When Warren and Ciara Brough bought the Brooklyn Tavern in January, they thought they were buying into a business that has proven itself for almost 90 years near the border of Lewis and Pacific counties.

Instead, they spent the hunting season looking out the windows wondering when someone would stop in. 

“I was bored as hell,” said Ciara Brough, 29. “We open up early during hunting season, but when you come here at 8 a.m. and no one comes in and you sit here until 4, it’s frustrating.”

While most bars and restaurants look forward to summer as the busy part of the year, the Brooklyn Tavern has always counted on hunting season to fill its coffers. 

In a letter written to several area newspapers, Ciara Brough claimed business is down by more than 75 percent at the historic tavern and that “Big Industry devastated another small business.” 

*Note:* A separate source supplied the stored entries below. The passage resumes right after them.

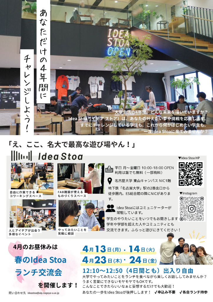 すでにチャレンジしている学生も、これから何かはじめたい学生も、一度Idea Stoaに来てみませんか?
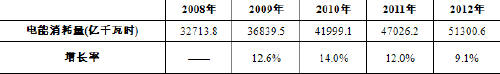 表 1 2008-2012年中國電能消耗量與增長
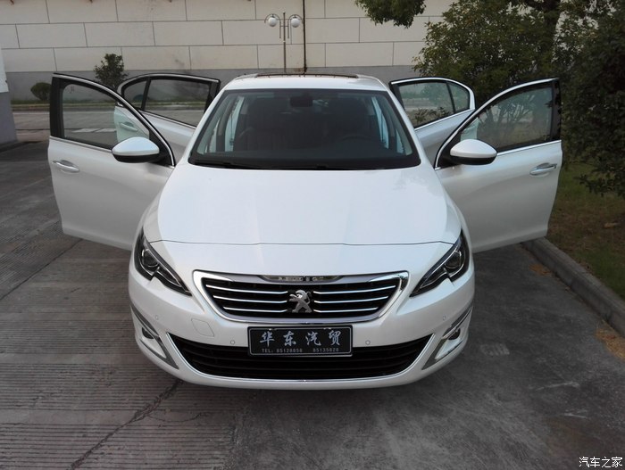 最后LD终于同意选新款的1.6T顶配白色小狮子了哈哈。当天虽然正好四儿子搞活动,但是新款上市,算好价格落地价要21W零点,一毛钱都木有优惠。于是乎LD说要考虑下,当天只能罢了。回到平湖,心有不甘啊,立马再到2级经销商那里谈价格。2级经销商那里也木有优惠,但是还是很厚道滴给返还了点回扣,外加装修礼包一堆,于是乎冲动的性格又一次战胜了理性的头脑,赶在LD犹豫之前就下了订单。说到新款408的颜色还是挺令人纠结的。个人认为黑色的外观配上LED大灯要有杀伤力的多,可惜嘉兴的四儿子说没有外黑内黑的配色,只能作罢,参考LD的意见后选定了外白内黑,毕竟第一台车的浅色内饰太不经脏了。在经历了15天的等待之后,终于9月22日来电话通知我可以提车了。好了,废话不多说了,水平有限码字也累,大体情况介绍清楚了就上图了嘿嘿。
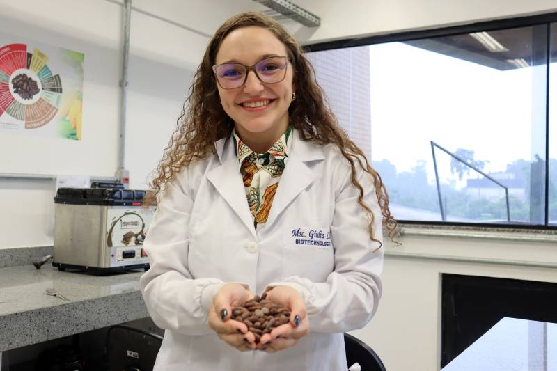 De que forma o consumo de chocolate pode influenciar a saúde de pessoas com diabetes, câncer ou Alzheimer, além de prevenir o surgimento de doenças? A pergunta foi o ponto de partida para os estudos de Giulia Lima, pesquisadora do Centro de Valorização de Compostos Bioativos da Amazônia (Cvacba), laboratório da Universidade Federal do Pará (UFPA) e instalado no Parque de Ciência e Tecnologia (PCT) Guamá. A pesquisa busca avaliar a quantidade de compostos benéficos presentes no cacau paraense e em seus subprodutos, como chocolate, manteigas, chás, entre outros.
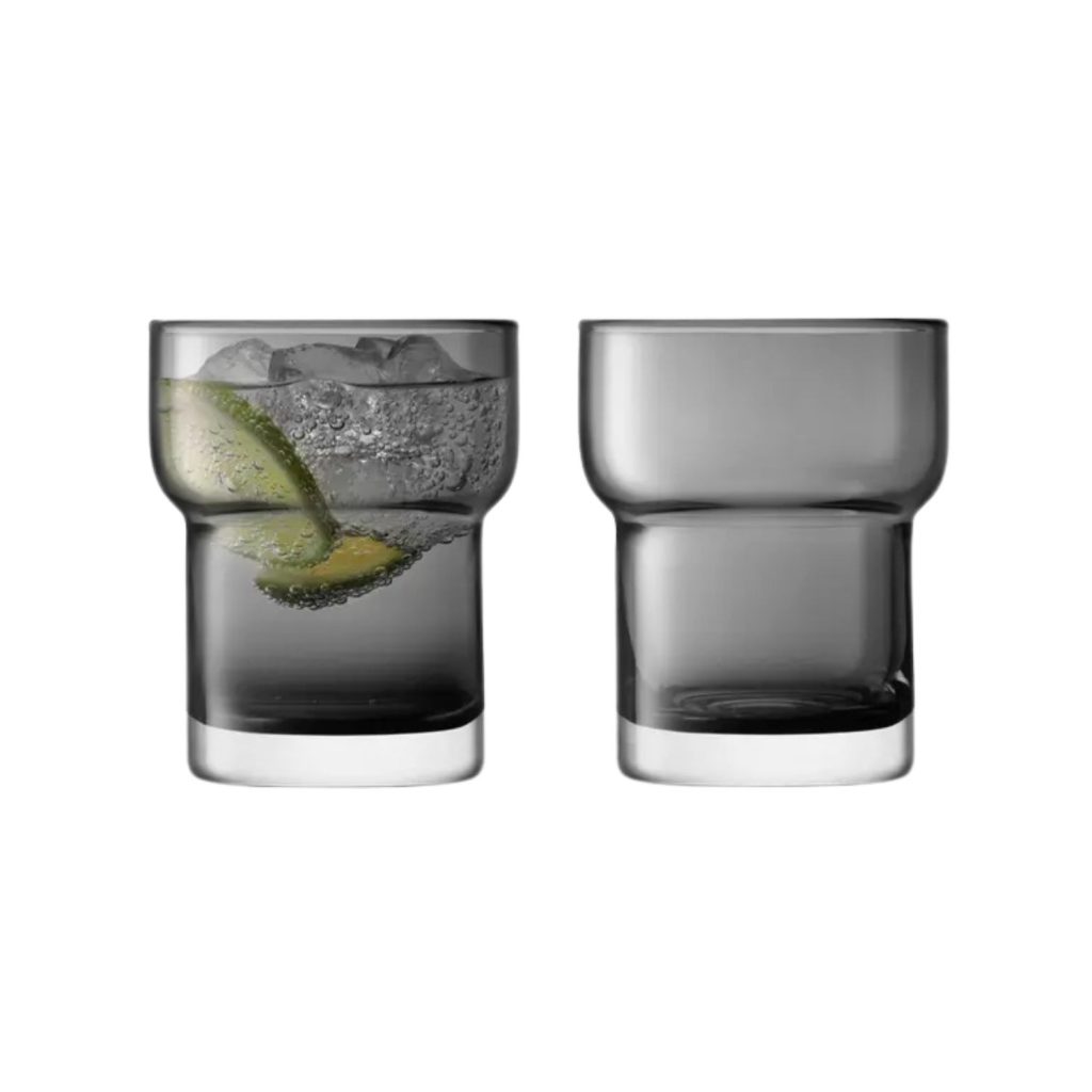 [0] => The Utility Tumblers are made of mouth-blown glass in slate grey and feature a modern stepped shape with thick walls and a soft, melted rim. Sold as a set of 2, these glasses can elegantly hold a variety of beverages for everyday use or special dining occasions.
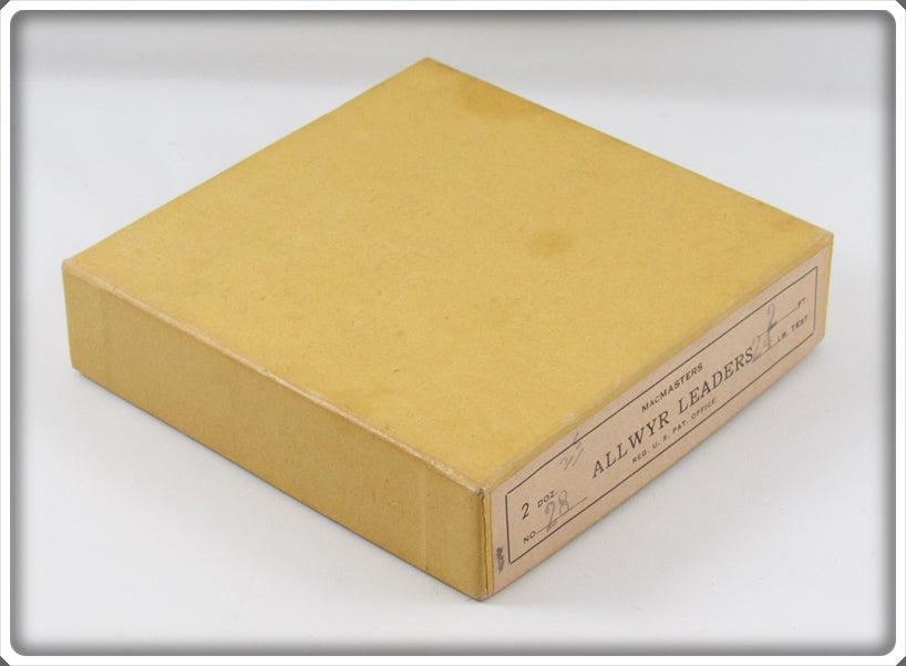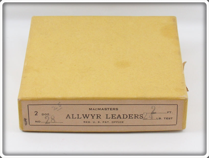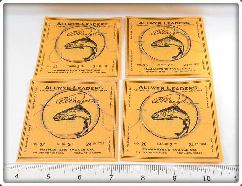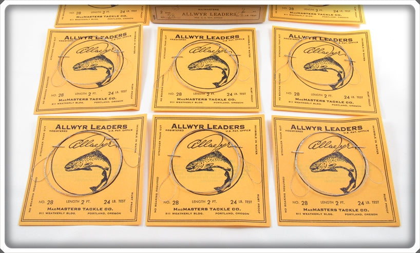 The leaders are all unused and still on their original paper backers. The box is correctly labeled Allwyr Leaders No. 28, 2 ft, 24 lb Test. There are ten left in what would have been a box of two dozen. This is not something you see very often!

“Hunting season was always the best time of year. There wasn’t a bar stool open from open to close, and we ended up having to stay open late,” Ciara  Brough said. “This year, it has been pretty much empty with only a few locals stopping in.”

Earlier this year, Weyerhaeuser started limiting and charging for permits to access its five forestlands in Southwest Washington. 

Brooklyn is in the company’s Pe Ell North area. To hunt its 105,530 acres, people had to first buy one of 550 permits at $200 a piece. The permits are required between August and January, but access is free the rest of the year. 

With the increased fees and local elk herds suffering from hoof rot, many hunters turned to public lands or looked to going out of state. Nonetheless, the company sold all of its permits offered in Pe Ell North and South.

The Brooklyn Tavern has been open since 1927. Warren Brough, 29, said his family has owned it since he was 6. The family rebuilt it after it burned to the foundation in 1991. They lined the walls with cedar they pulled off an old barn and decorated it with antique logging equipment they bought at auction. He met Ciara there after she was hired to bartend when she was still Ciara Combs. The two  married in 2013, and they bought the bar last January. 

Ciara Brough has tended the Brooklyn Tavern for five years. Warren Brough served two tours in Iraq and was working as a diesel mechanic until this summer when Ciara Brough convinced him to quit and come to the bar full-time. 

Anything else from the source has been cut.